By Kayla Lynn WaksmonskiPublished 3 years ago 6 min read
1
Dreaming, Surfing and Devastation
Photo by Jeremy Bishop on Unsplash

The dreams don't stop. I've gone weeks without sleep, just to get away from the terror. Every time my eyes close, I see it over and over again. Counseling or any other therapy doesn't help, just makes the memory of the event more real. I've had to move away from home to try and find peace from that awful day. The water is where I loved to be, now I find myself in the desert, trying to get as far away from it as possible.

Growing up, I was always in the water with my dad. He was a champion surfer. The stunts and tricks he would do, to keep the crowd going and cheering his name, was more than remarkable. I can still hear them, "Brody, Brody, Brody..." He surfed his whole life and taught me everything he could about the water. The dangers of being out alone, what to watch for when you aren't alone, and make sure you can always get back to shore.

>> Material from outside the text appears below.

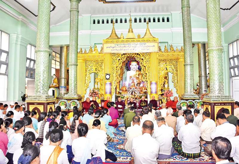 ရဟန္တာမဟာသိမ်တော်ကြီး ဘက်စုံ မွမ်းမံပြုပြင်ခြင်းနှင့် နဝရတ်ရွှေစင်အောင် စေတီတော်နှင့် ပတ္တမြား မျက်ရှင်ပုံတူရုပ်ပွားတော် မဟာဒါနကုသိုလ် စုပေါင်းရေစက်ချမင်္ဂလာ အခမ်းအနားကို ယနေ့နံနက်ပိုင်းတွင် ရွှေတိဂုံစေတီတော် တောင်ဘက်မုခ် အနီးရှိ အဆိုပါ မဟာသိမ်တော်ကြီး၌ ကျင်းပသည်။

My dad owned a surfboard shop just right on the beach in Florida. He would sponsor other surfers and surfing competitions, just to be involved and help the next surfer out. But, other than surfing, he was an amazing dad. He was always there when I needed him.

It was the last day of the biggest surfing competition of the summer. My dad had made it to the final rounds and had been called for a 15-minute preparation before having to go out for his last surf to be judged. During that time, the wind had picked up more than it had all day. With the wind, came bigger waves, and most likely storm clouds, however, there weren't any clouds in the sky yet. My dad got more excited, "I'm sure to catch a great wave now!" One of the judges had asked him if he wanted to wait to see if the wind would calm down, but my dad wasn't up for waiting. He wanted the biggest wave he could get without the high tide. My dad kissed me on my forehead and said, "I love you, baby girl. Wish me luck." Then, he ran out to the water. He got to a place to wait for his wave, then he saw it. He paddled to the huge wall of water coming up and started to do his thing on that surfboard, wowing the audience and making the show great. Then everyone saw it... The great white shark, inside the wall of water, just next to my dad. I heard his scream, as he unstrapped himself from his board and went into the water before the wave crashed. He started swimming back to shore. The crowd of people started to run away from the waterline screaming and yelling, but all I could do was run out to the water. My dad's childhood friend Marty, grabbed me before I could get into the water too far. "DAD! HURRY!" I screamed out. I saw his head coming in and out of the water, getting to the shore as quickly as he could, until he rages out of the water, screaming louder than I've ever heard. Then, the great white shark came out of the water, mouth wide opened, and chomping its jaw onto my dad. The water turned red, as waves washed up pieces of my dad, right next to me. I screamed and cried out, sitting in the sandy, bloody water. The crowd ran away out of fear, there was only a reporter and Marty there with me. The deepest feeling of fear and loneliness came over me.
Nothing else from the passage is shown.